- WORK TO BE COMPLETED: Everything from the line holding "Parenting program under funding threat" to the last line of the material below must be retyped exactly, minus any pictures.

- DATASET EXCERPTS:
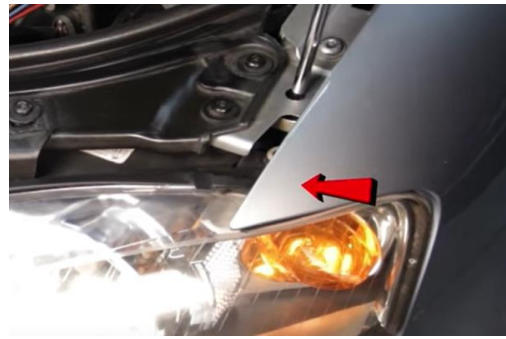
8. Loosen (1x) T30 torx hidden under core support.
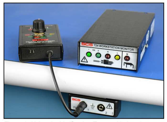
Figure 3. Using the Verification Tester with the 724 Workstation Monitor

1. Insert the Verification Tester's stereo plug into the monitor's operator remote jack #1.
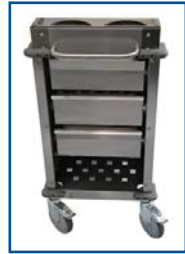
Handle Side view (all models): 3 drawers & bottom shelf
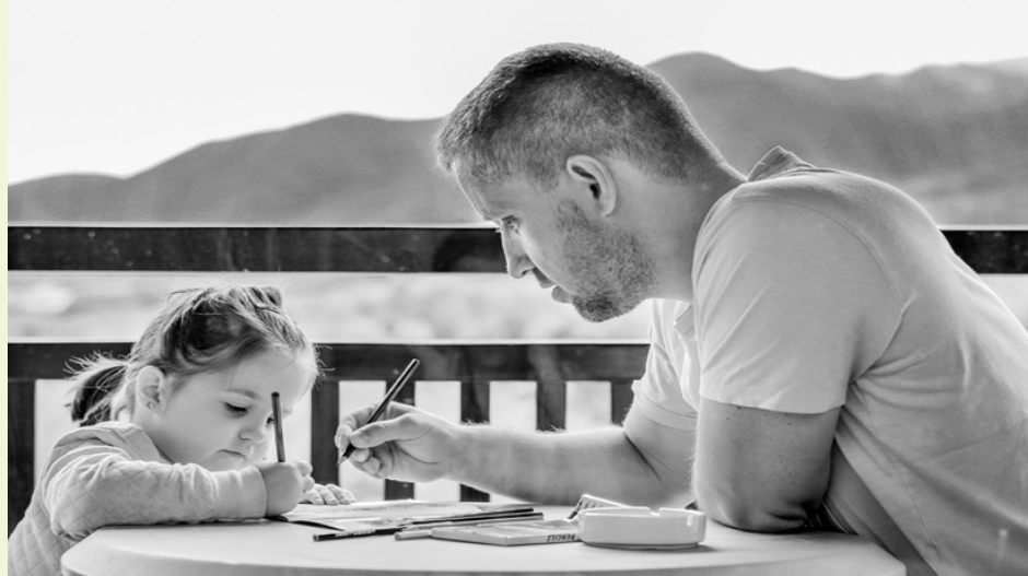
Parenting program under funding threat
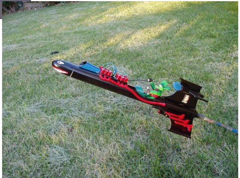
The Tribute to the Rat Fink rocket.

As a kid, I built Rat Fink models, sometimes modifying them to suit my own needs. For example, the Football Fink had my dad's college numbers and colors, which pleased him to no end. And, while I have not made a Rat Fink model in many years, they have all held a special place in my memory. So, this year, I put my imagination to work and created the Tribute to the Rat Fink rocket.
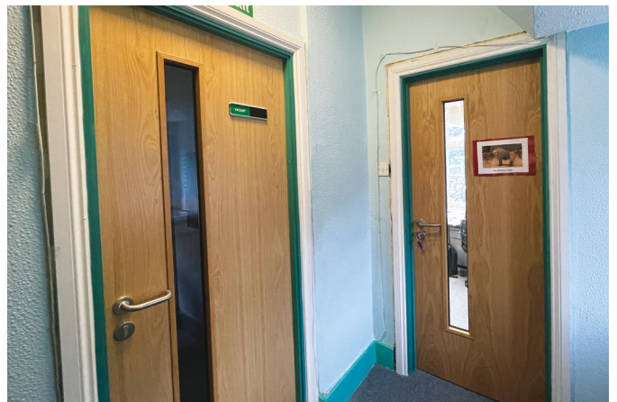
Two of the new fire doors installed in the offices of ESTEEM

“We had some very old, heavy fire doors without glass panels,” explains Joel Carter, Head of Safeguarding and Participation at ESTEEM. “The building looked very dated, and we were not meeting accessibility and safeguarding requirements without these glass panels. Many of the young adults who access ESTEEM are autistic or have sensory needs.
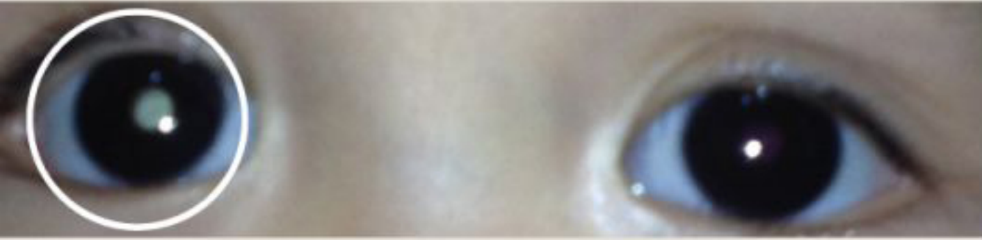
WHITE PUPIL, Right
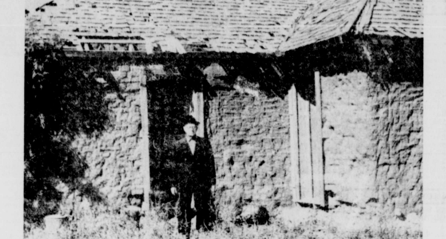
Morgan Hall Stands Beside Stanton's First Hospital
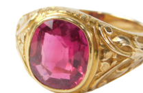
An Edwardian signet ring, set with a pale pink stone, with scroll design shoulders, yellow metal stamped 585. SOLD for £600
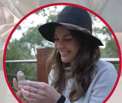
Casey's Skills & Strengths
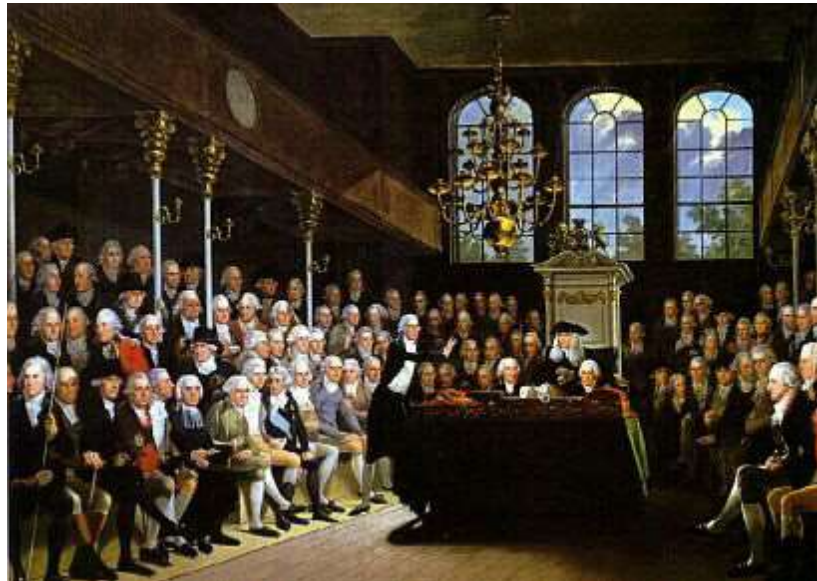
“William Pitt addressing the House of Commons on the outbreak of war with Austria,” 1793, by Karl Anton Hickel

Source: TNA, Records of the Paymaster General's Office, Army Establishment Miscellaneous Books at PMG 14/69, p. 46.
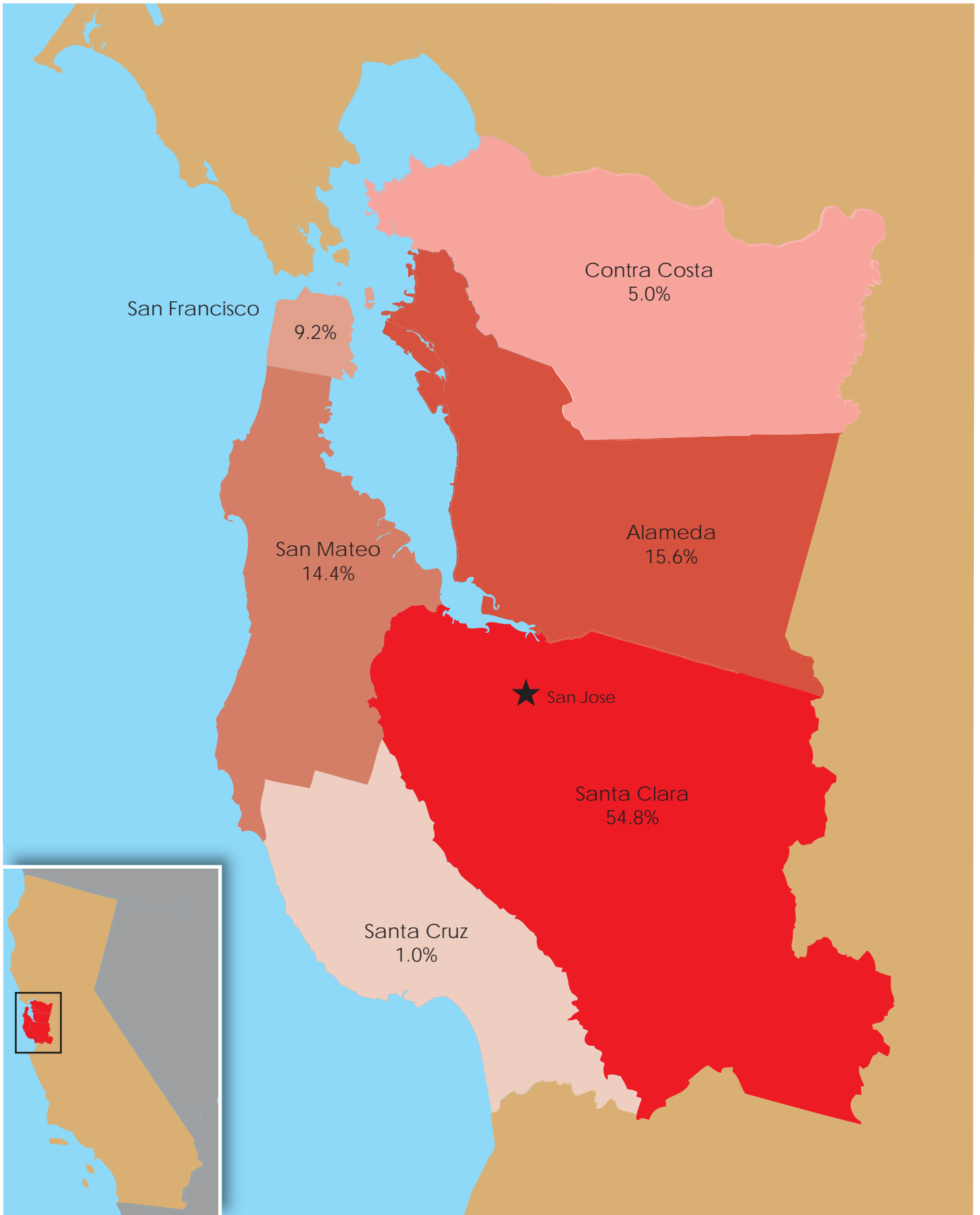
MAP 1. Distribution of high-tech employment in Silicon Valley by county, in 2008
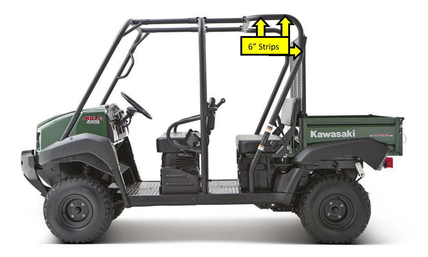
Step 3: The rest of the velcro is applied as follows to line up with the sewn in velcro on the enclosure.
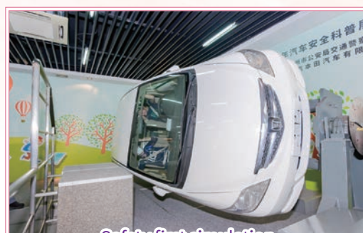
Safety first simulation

- PROBLEM SOLUTION:
Parenting program under funding threat
The Tribute to the Rat Fink rocket.

As a kid, I built Rat Fink models, sometimes modifying them to suit my own needs. For example, the Football Fink had my dad's college numbers and colors, which pleased him to no end. And, while I have not made a Rat Fink model in many years, they have all held a special place in my memory. So, this year, I put my imagination to work and created the Tribute to the Rat Fink rocket.
Two of the new fire doors installed in the offices of ESTEEM

“We had some very old, heavy fire doors without glass panels,” explains Joel Carter, Head of Safeguarding and Participation at ESTEEM. “The building looked very dated, and we were not meeting accessibility and safeguarding requirements without these glass panels. Many of the young adults who access ESTEEM are autistic or have sensory needs.
WHITE PUPIL, Right
Morgan Hall Stands Beside Stanton's First Hospital
An Edwardian signet ring, set with a pale pink stone, with scroll design shoulders, yellow metal stamped 585. SOLD for £600
Casey's Skills & Strengths
“William Pitt addressing the House of Commons on the outbreak of war with Austria,” 1793, by Karl Anton Hickel

Source: TNA, Records of the Paymaster General's Office, Army Establishment Miscellaneous Books at PMG 14/69, p. 46.
MAP 1. Distribution of high-tech employment in Silicon Valley by county, in 2008
Step 3: The rest of the velcro is applied as follows to line up with the sewn in velcro on the enclosure.
Safety first simulation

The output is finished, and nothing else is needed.